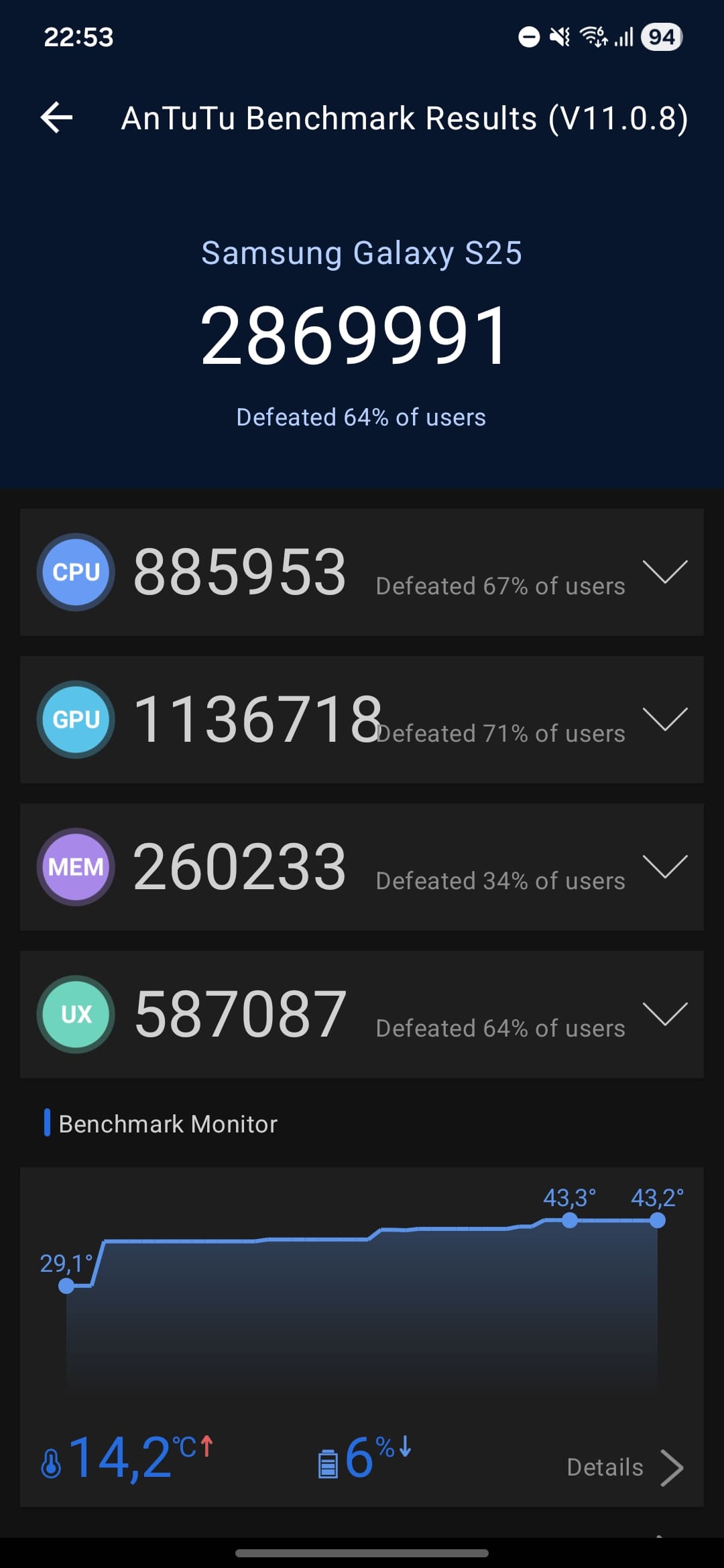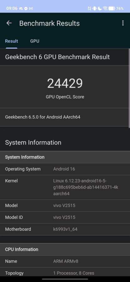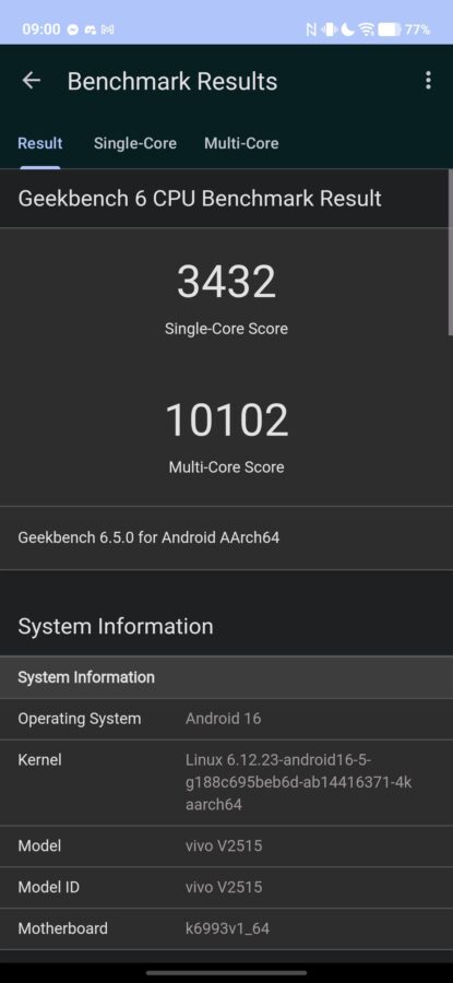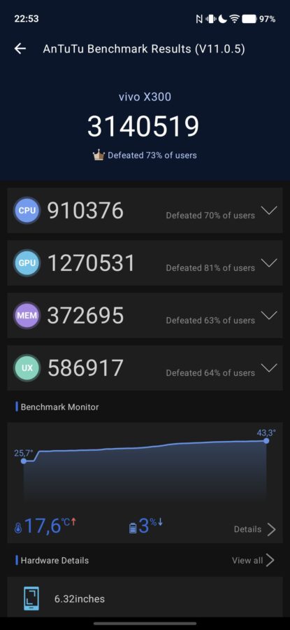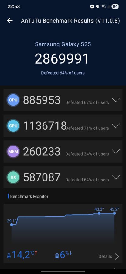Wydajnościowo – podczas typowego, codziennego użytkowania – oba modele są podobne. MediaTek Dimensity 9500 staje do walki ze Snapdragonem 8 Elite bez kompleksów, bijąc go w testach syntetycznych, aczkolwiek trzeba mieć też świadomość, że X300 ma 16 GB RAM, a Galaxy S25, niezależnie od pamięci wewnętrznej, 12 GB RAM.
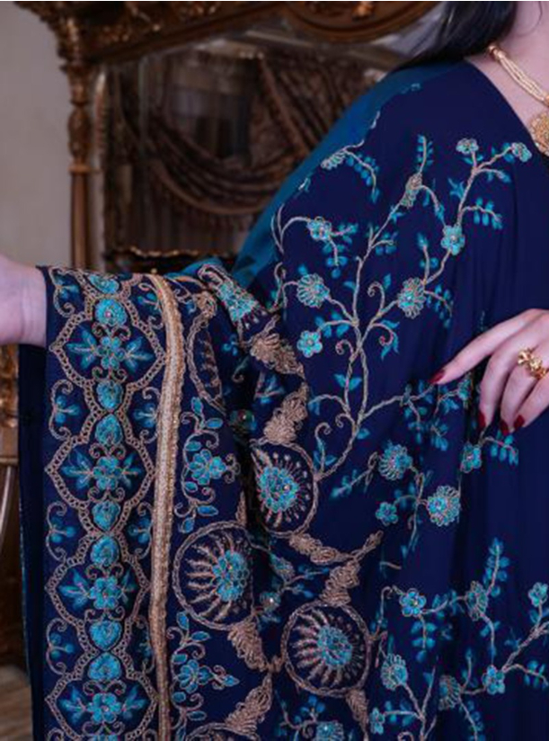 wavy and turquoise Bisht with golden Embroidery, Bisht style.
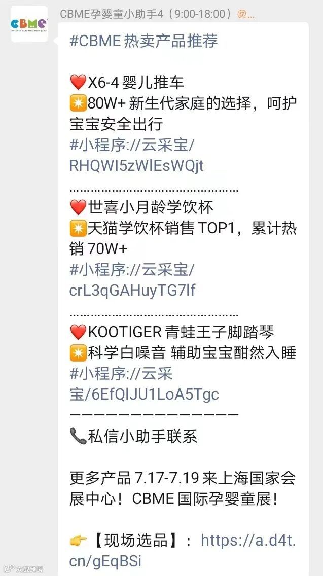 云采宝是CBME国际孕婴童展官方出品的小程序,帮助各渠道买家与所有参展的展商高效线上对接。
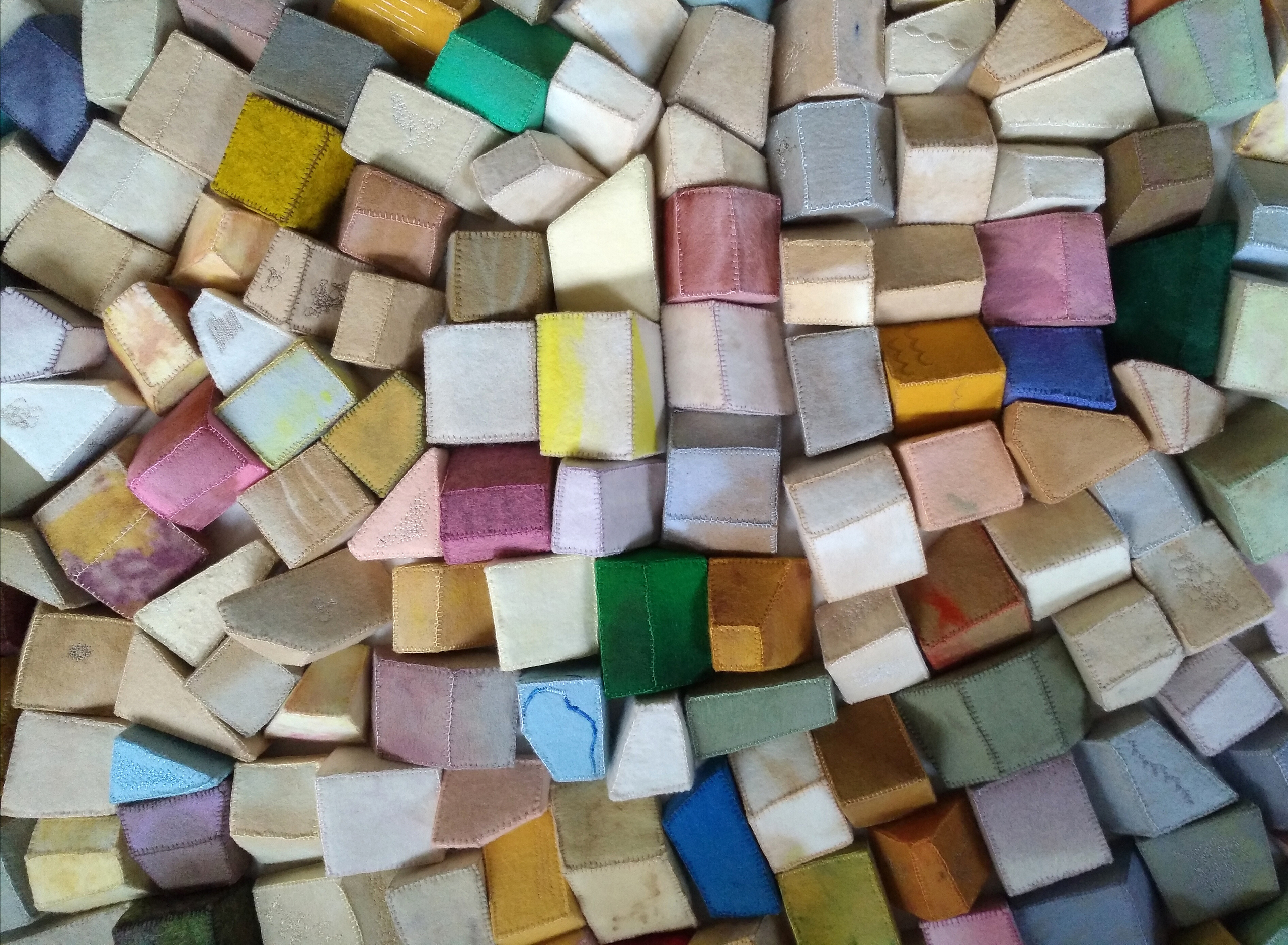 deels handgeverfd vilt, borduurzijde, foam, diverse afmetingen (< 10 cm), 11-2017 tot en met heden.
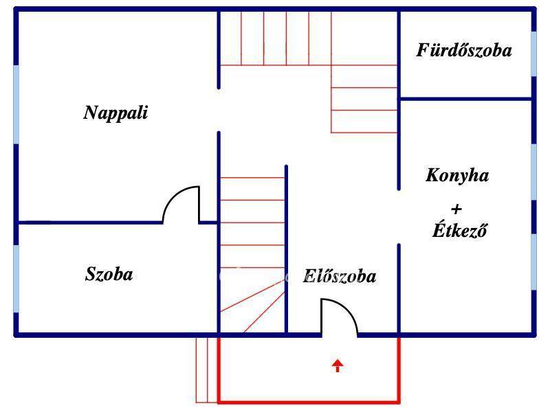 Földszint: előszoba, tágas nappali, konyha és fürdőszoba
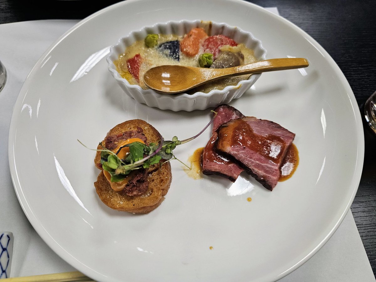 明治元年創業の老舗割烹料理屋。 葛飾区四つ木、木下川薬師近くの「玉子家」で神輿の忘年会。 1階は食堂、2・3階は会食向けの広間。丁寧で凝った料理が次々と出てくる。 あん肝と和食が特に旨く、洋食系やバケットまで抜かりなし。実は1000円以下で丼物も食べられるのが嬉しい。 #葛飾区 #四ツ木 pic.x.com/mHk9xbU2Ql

Brief - Nothing but the lines from the start of the records above through the line with "Földszint: előszoba, tágas" should be retyped, each exactly as written; leave out all pictures.

Finished task -
Wydajnościowo – podczas typowego, codziennego użytkowania – oba modele są podobne. MediaTek Dimensity 9500 staje do walki ze Snapdragonem 8 Elite bez kompleksów, bijąc go w testach syntetycznych, aczkolwiek trzeba mieć też świadomość, że X300 ma 16 GB RAM, a Galaxy S25, niezależnie od pamięci wewnętrznej, 12 GB RAM.
 wavy and turquoise Bisht with golden Embroidery, Bisht style.
 云采宝是CBME国际孕婴童展官方出品的小程序,帮助各渠道买家与所有参展的展商高效线上对接。
 deels handgeverfd vilt, borduurzijde, foam, diverse afmetingen (< 10 cm), 11-2017 tot en met heden.
 Földszint: előszoba, tágas nappali, konyha és fürdőszoba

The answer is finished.